Bummed that I missed their show at the Fillmore earlier this year (a) because they are great and I bet they put on a fantastic live show, and (b) because they might have started the show with a hearty “Hello, San Francisco, we are Alvvays!” and then I would know how to say it.

White Reaper - “Tell Me”

White Reaper have been touring pretty much non-stop for all of 2017, but for some reason they refuse to play San Francisco. But they did play CalJam. And if you don’t know what CalJam is, well, I didn’t either. Turns out it’s a one-day music festival near San Bernardino … which includes a water park. I know. You just realized every music festival you’ve ever been to was terrible because it didn’t have a water park.

Waxahatchee - “Silver”

I’m pretty sure I’ve had tickets to see Waxahatchee on three separate occasions, and I’ve never been able to go. I don’t really have a joke or a comment here, that just makes me really sad.

Wolf Alice - “Beautifully Unconventional”

My Love is Cool came out in 2015, but I didn’t really listen to it until 2016. Since my only platform for expressing opinions is year-end lists, I don’t feel like I really got a chance to breathlessly describe how great it is. It’s really great.

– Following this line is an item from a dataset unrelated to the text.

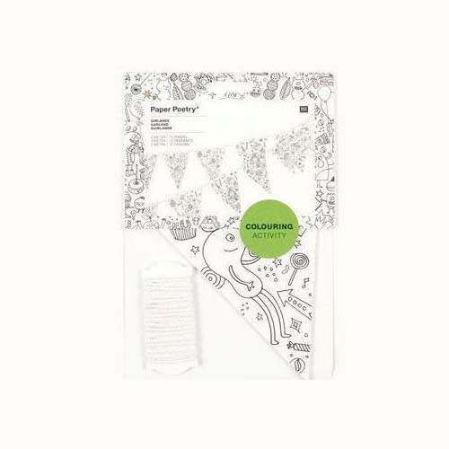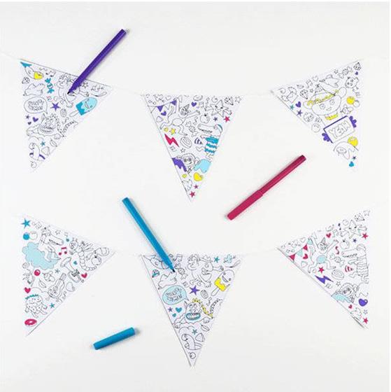 Bij een feestje hoort ook de voorpret, dus kleur samen een speciale slinger. Dat kan met deze leuke vlaggetjes slinger van stevig papier.

Anyway, Wolf Alice is back in 2017 with Visions of a Life, and when 100 Songs for 2017 comes out we’ll talk about how great that is. For now, though … please go listen to My Love is Cool.

Pale Waves - “New Year’s Eve”

As far as I can tell, Pale Waves have three songs that they have released in any recorded format. Two of them are on 100 Songs for 2017. This is the third. I know it’s a small sample size, but with a batting average like that I think we have no choice but to agree that Pale Waves are the greatest band in the history of the world.

Alex Lahey - “I Love You Like a Brother”

I know you have fifteen different holiday parties scheduled for December 9, and I know you’re already pulling your hair out trying to figure out if you should just pick one, or make an appearance at several, and if so in which order, and who you’ll offend if you don’t go to theirs, and …

Just skip it and see Alex Lahey at Bottom of the Hill with me. I promise it will be better than any of that.

MUNA - “Crying on the Bathroom Floor”

This is the most Robyn-sounding of MUNA’s songs (the verses especially) which always means you’ve come to the right place.

Japandroids - “Arc of Bar”

Literally no song should ever be more than seven minutes long, and if Japandroids keep messing with synths like this I’m pretty sure they will eventually slip over into Spinal Tap Jazz Odyssey level self-parody, and yet … it works.

Kesha - “Praying”

Going to be Song of the Year on the greatest music website in the world, The Singles Jukebox, so that should be some consolation for Kesha here.

Cracking myself up imagining going back in time and finding 2009 Aaron right after he heard “Tik Tok” for the first time and telling him a day would come when he would be having a hard time deciding which two Kesha songs he should put on his year-end best-of list. We’ve come so far.